El Lipedema es una enfermedad crónica que afecta aproximadamente al 11% de las mujeres en el mundo y que, durante décadas, permaneció invisibilizada bajo diagnósticos erróneos de obesidad. Recién en 2018 la Organización Mundial de la Salud (OMS) la reconoció oficialmente como una patología, poniendo fin a años en que sus síntomas eran atribuidos exclusivamente a malos hábitos alimenticios o falta de voluntad.
La enfermedad se caracteriza por una acumulación anormal y desproporcionada de tejido adiposo, principalmente en las piernas (70%) y en los brazos (30%). A diferencia de la obesidad, no se trata simplemente de un aumento de peso, sino de una alteración del tejido graso que provoca dolor, inflamación y limitaciones funcionales.
Uno de los principales desafíos para las pacientes es el retraso en el diagnóstico. Se estima que gran parte de los profesionales de la salud no reconoce los criterios clínicos del Lipedema, lo que obliga a muchas mujeres a recorrer distintos especialistas antes de obtener una respuesta adecuada. Esta falta de conocimiento genera frustración, deterioro de la calidad de vida y una sensación permanente de incomprensión.

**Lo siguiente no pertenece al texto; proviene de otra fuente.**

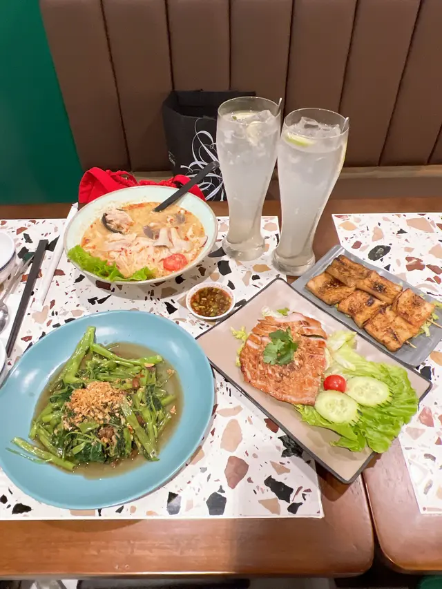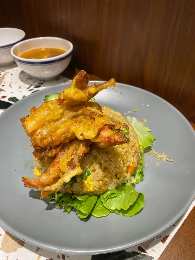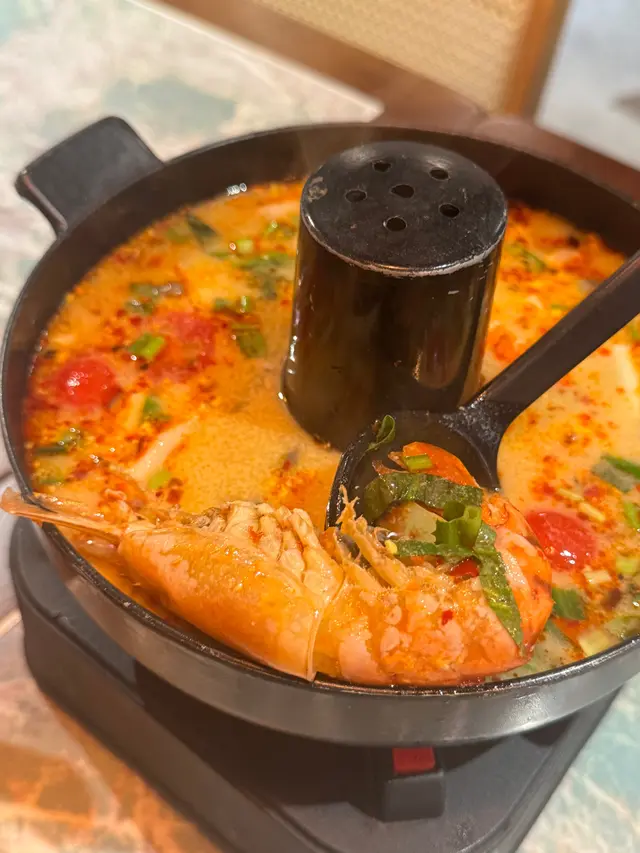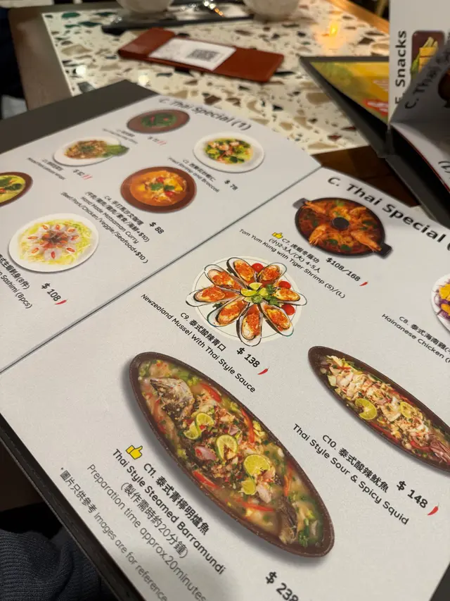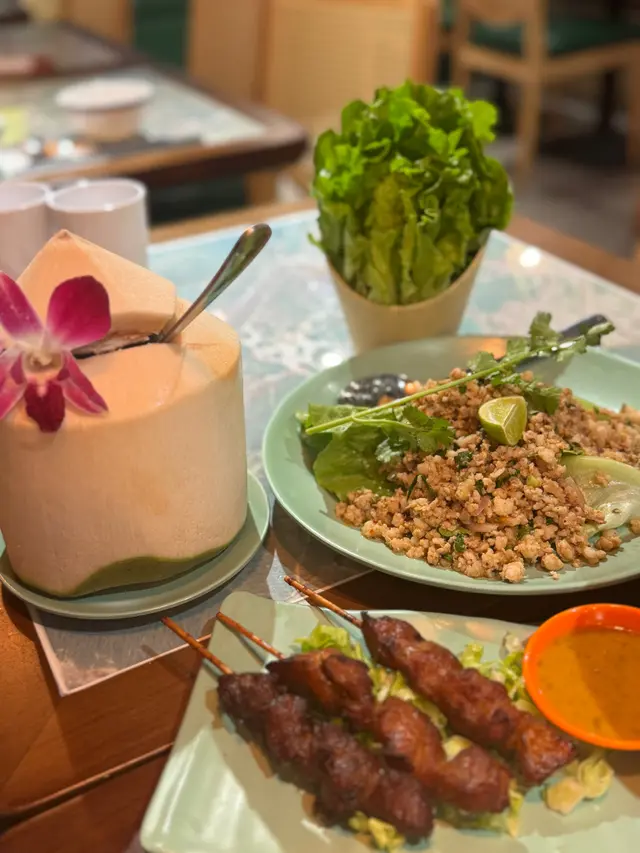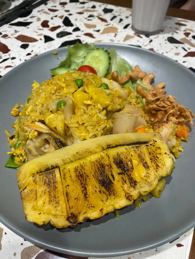 🌸原條菠蘿海鮮炒飯$108🌟🌟🌟🌟🌟原條菠蘿有烤過,菠蘿鮮甜多汁;海鮮炒飯配料有魷魚鬚、魷魚、蝦仁、青口、菠蘿粒、肉鬆、腰果,材料非常豐富,每一口都可以吃到飯及配料。🍀青木瓜沙律🌟🌟🌟🌟酸酸辣辣嘅口感,青木瓜絲非常爽口。🍀粒粒菠蘿梳打加$15🌟🌟🌟🌟滿滿菠蘿粒,底部還有菠蘿糖漿,加入梳打拌勻後滿滿菠蘿香味。🌸牛魔王船麵$85🌟🌟🌟🌟🌟湯底非常濃郁,牛味十足,爽口金邊粉份量十足,爽口彈牙牛丸,滿滿牛肉片重牛味,一口湯一口金邊粉非常惹味。🍀冬陰功湯(細)🌟🌟🌟🌟濃郁冬陰功味,配料有菇菌等等。🍀珍多冰加15🌟🌟🌟🌟🌟濃郁椰奶嘅香味,內裏還有大樹菠蘿絲及綠色粉棵,甜度適中。🌸串燒$88🌟🌟🌟🌟🌟雞牛豬各選兩串,雞肉烤得鮮嫩可口,牛肉烤得非常嫩滑,而且好入味,豬肉也烤得非常出色,每一串都非常可口,再點埋沙嗲醬就更惹味。🌸芒果糯米飯$38🌟🌟🌟🌟🌟鮮甜芒果肉,配搭着熱辣辣糯米飯及紫米飯,倒入椰漿更好味。…查看更多

Existen señales que permiten diferenciar el Lipedema de la obesidad común. Entre ellas destacan el dolor e hipersensibilidad en las extremidades afectadas, la aparición frecuente de hematomas ante mínimos golpes, la sensación constante de pesadez y una marcada desproporción corporal, donde el tronco mantiene dimensiones normales mientras brazos y piernas aumentan considerablemente de volumen. Además, suelen presentarse alteraciones funcionales, como piernas en X, dificultades para caminar y reducción de la movilidad.
Otro aspecto característico es que la grasa asociada al Lipedema presenta resistencia metabólica, por lo que no responde de manera efectiva a dietas restrictivas ni a programas convencionales de pérdida de peso. En estos casos, la recomendación de “comer menos y moverse más” resulta insuficiente e incluso puede ser perjudicial, ya que la reducción de peso ocurre principalmente en las zonas sanas del cuerpo, acentuando la desproporción física y el impacto emocional.
Dado que se trata de una enfermedad compleja y progresiva, el tratamiento requiere un enfoque integral. El manejo conservador combina nutrición antiinflamatoria, kinesiología, rehabilitación y terapias destinadas a mejorar la circulación y disminuir la inflamación. Entre ellas destacan el drenaje linfático manual, la terapia descongestiva, la presoterapia, la radiofrecuencia y la fotobiomodulación.
La kinesiología cumple un rol fundamental, ya que ayuda a preservar la funcionalidad y promueve que la paciente adopte un papel activo en el control de la enfermedad. Medidas como el uso de prendas de compresión, ejercicios de bajo impacto- como la natación-, duchas frías y hábitos de autocuidado forman parte esencial del tratamiento. Aunque el Lipedema no tiene cura, estas estrategias permiten controlar sus síntomas y mejorar significativamente la calidad de vida.
En etapas avanzadas, cuando el tratamiento conservador ya no logra contener la progresión de la enfermedad, puede considerarse una intervención quirúrgica especializada. La técnica PAL (Power-Assisted Liposuction) permite remover el tejido afectado minimizando el daño al sistema linfático, siempre acompañada de un riguroso protocolo pre y postoperatorio orientado al control de la inflamación.
Más allá de las manifestaciones físicas, el Lipedema tiene un profundo impacto psicológico. Muchas pacientes enfrentan ansiedad, baja autoestima, depresión y trastornos alimentarios derivados de años de incomprensión, estigmatización y diagnósticos incorrectos. Por ello, el abordaje integral de esta enfermedad debe considerar tanto la salud física como el bienestar emocional, favoreciendo una atención multidisciplinaria que permita mejorar la calidad de vida y devolver autonomía a quienes la padecen.